----- Provided records

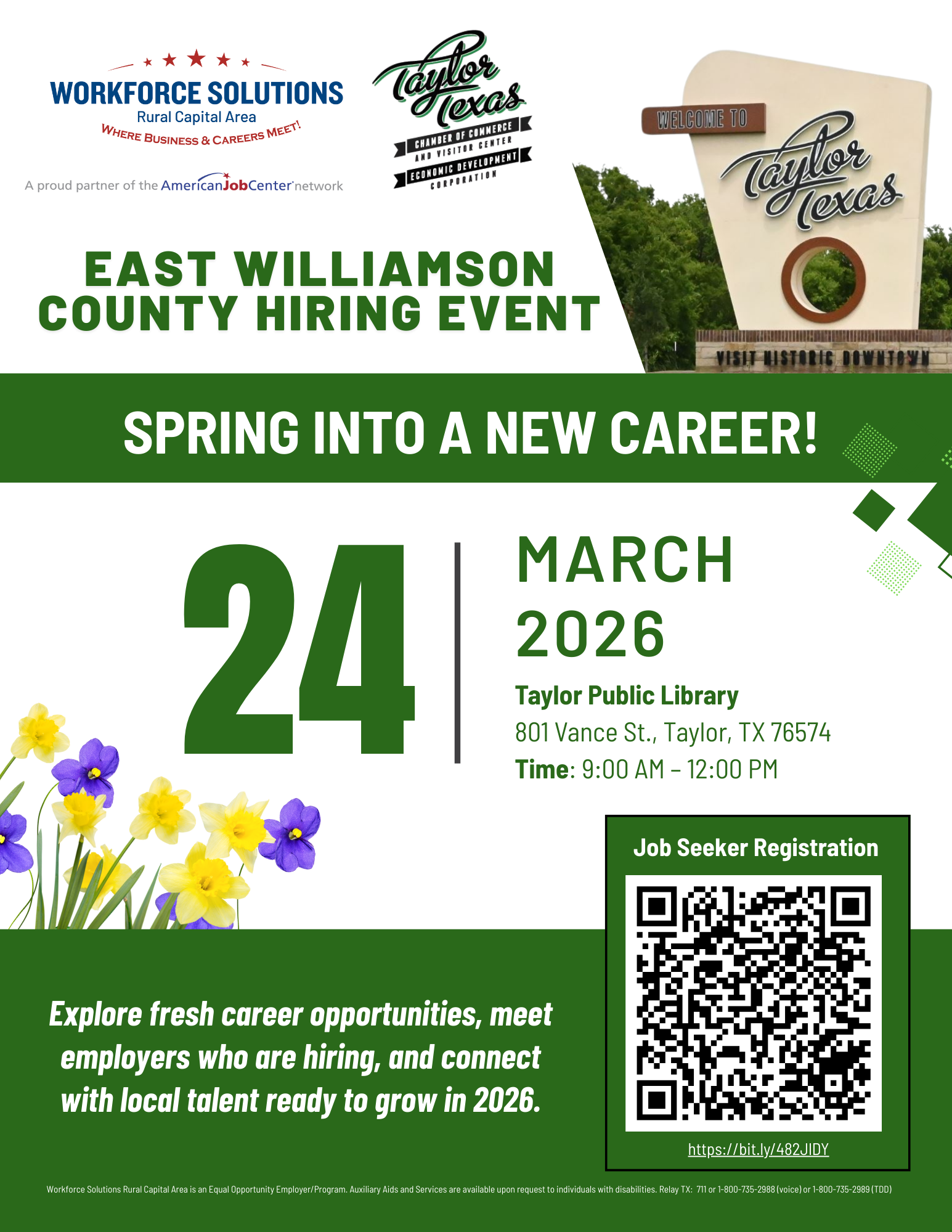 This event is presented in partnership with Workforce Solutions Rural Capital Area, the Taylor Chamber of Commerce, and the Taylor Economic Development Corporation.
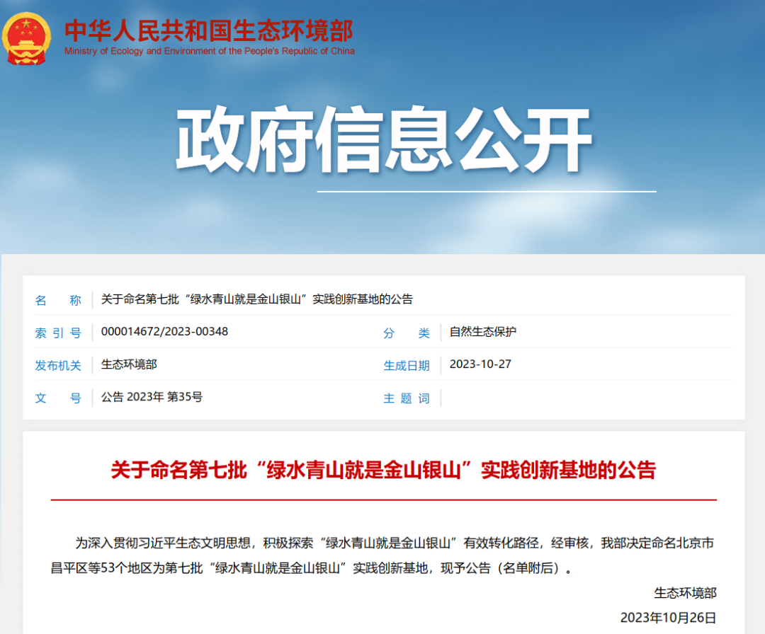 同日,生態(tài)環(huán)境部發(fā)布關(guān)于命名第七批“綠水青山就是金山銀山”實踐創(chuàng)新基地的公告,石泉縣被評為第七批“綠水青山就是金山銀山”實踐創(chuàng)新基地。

----------
----- Provided records

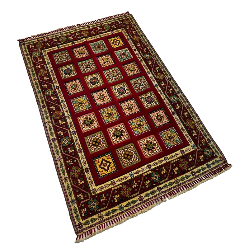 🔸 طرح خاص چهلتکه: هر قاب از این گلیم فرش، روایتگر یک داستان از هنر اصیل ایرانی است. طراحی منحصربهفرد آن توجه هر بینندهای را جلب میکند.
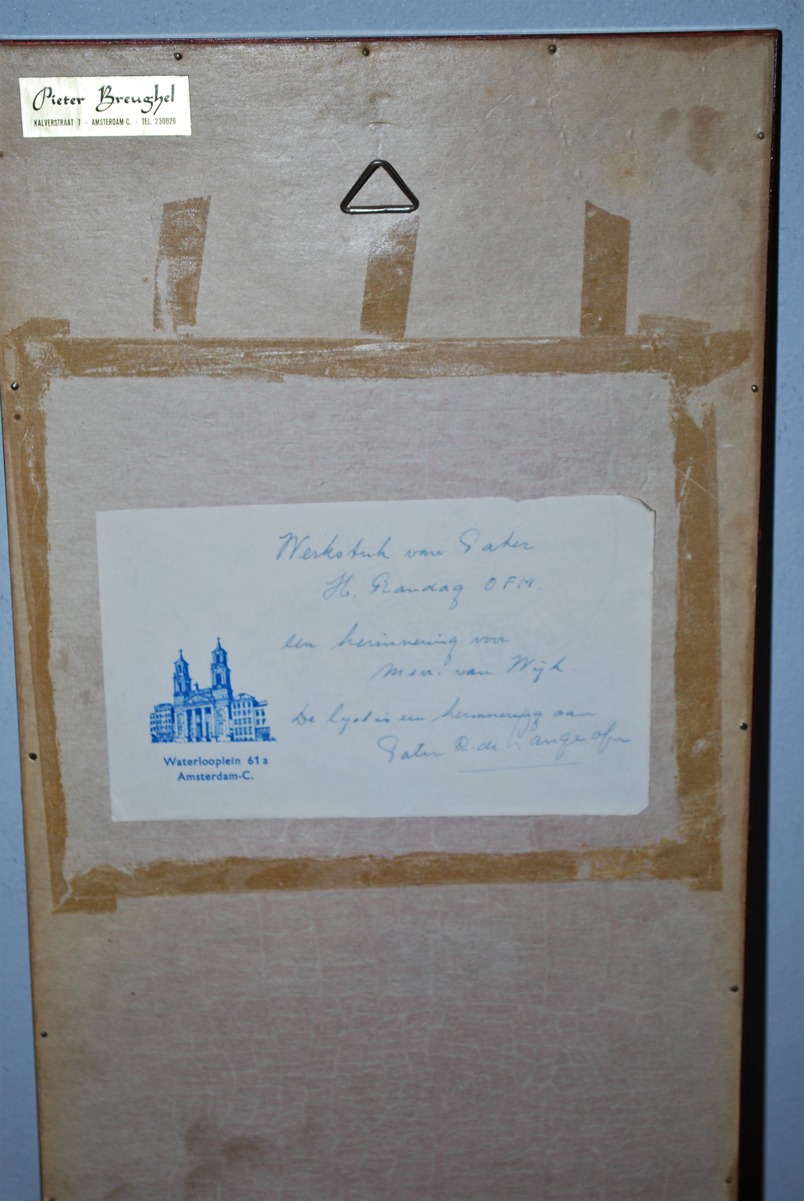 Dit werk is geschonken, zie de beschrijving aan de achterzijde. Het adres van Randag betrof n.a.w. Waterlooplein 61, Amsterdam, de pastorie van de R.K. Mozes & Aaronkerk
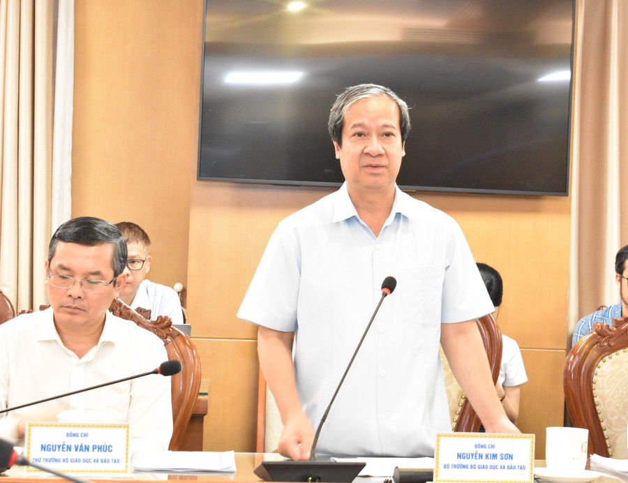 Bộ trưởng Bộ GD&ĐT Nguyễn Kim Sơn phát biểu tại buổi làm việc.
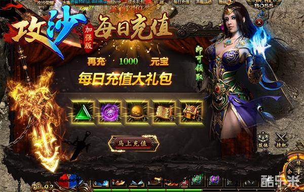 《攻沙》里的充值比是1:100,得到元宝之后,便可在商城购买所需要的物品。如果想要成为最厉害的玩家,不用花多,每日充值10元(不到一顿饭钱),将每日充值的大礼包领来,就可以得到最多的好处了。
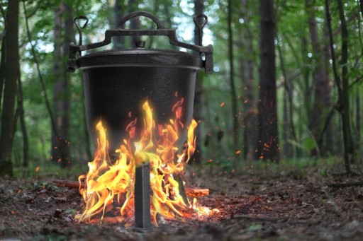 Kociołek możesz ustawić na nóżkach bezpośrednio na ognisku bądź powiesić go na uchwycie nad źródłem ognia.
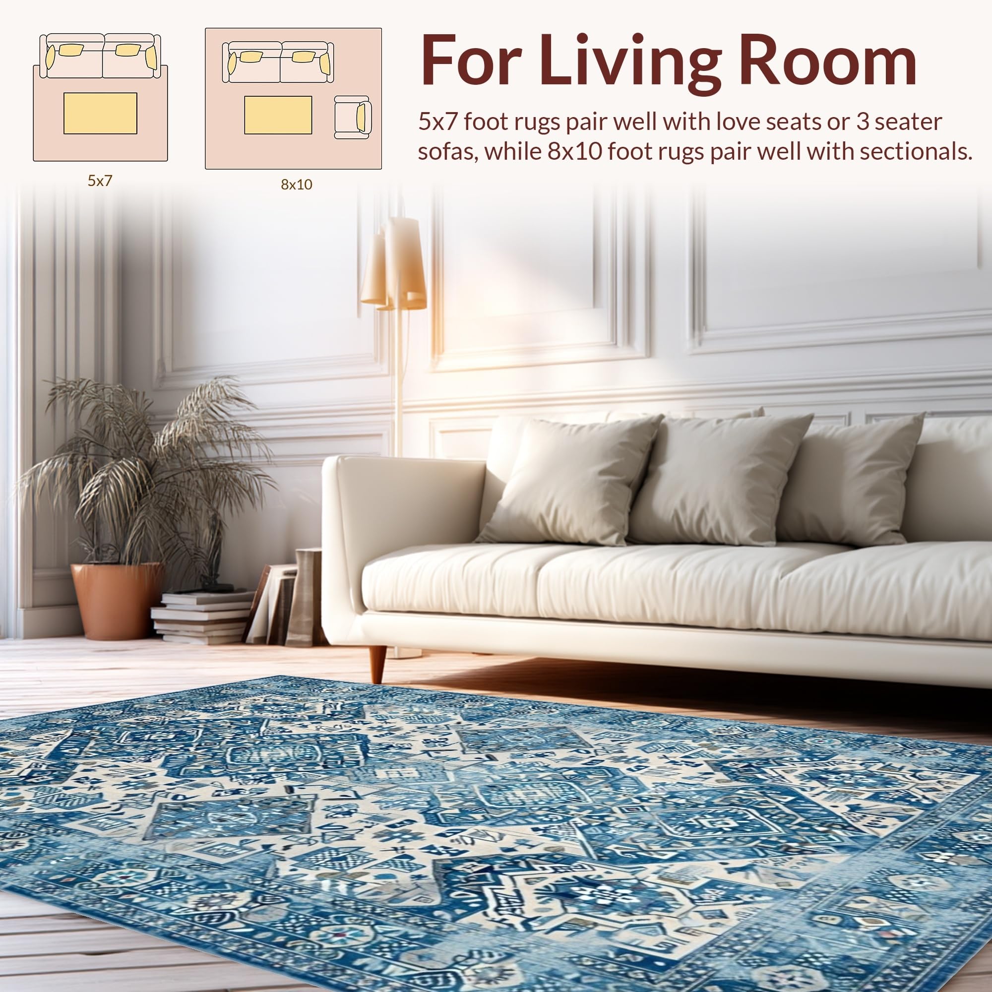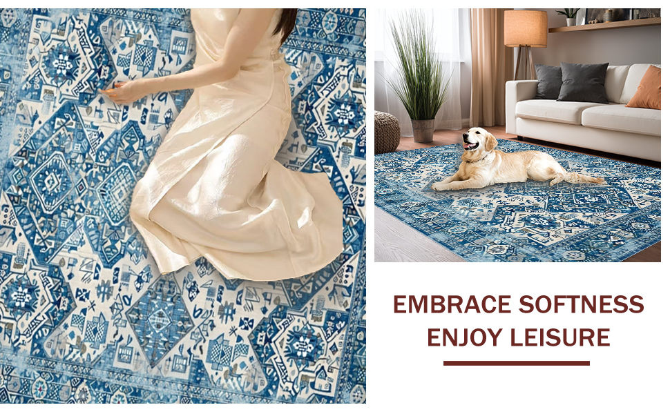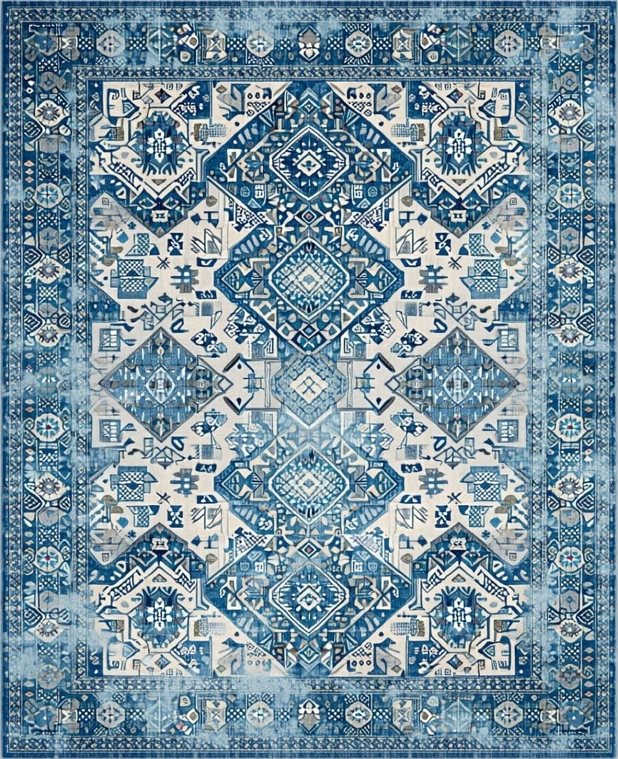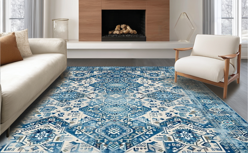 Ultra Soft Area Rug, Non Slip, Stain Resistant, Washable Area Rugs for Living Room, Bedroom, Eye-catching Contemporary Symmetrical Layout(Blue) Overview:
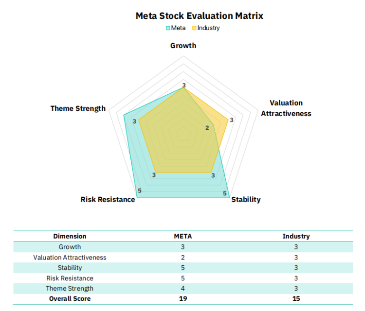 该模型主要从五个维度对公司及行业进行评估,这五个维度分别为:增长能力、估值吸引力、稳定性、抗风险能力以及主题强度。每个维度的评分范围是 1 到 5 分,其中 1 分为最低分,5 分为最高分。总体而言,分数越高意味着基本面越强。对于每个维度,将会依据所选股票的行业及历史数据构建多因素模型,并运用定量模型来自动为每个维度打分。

----------

### Task statement
Taking the entries above, extract every line from the one bearing "This event is" through the one bearing "同日,生態(tài)環(hu", exactly, with no pictures.

### Task solution
 This event is presented in partnership with Workforce Solutions Rural Capital Area, the Taylor Chamber of Commerce, and the Taylor Economic Development Corporation.
 同日,生態(tài)環(huán)境部發(fā)布關(guān)于命名第七批“綠水青山就是金山銀山”實踐創(chuàng)新基地的公告,石泉縣被評為第七批“綠水青山就是金山銀山”實踐創(chuàng)新基地。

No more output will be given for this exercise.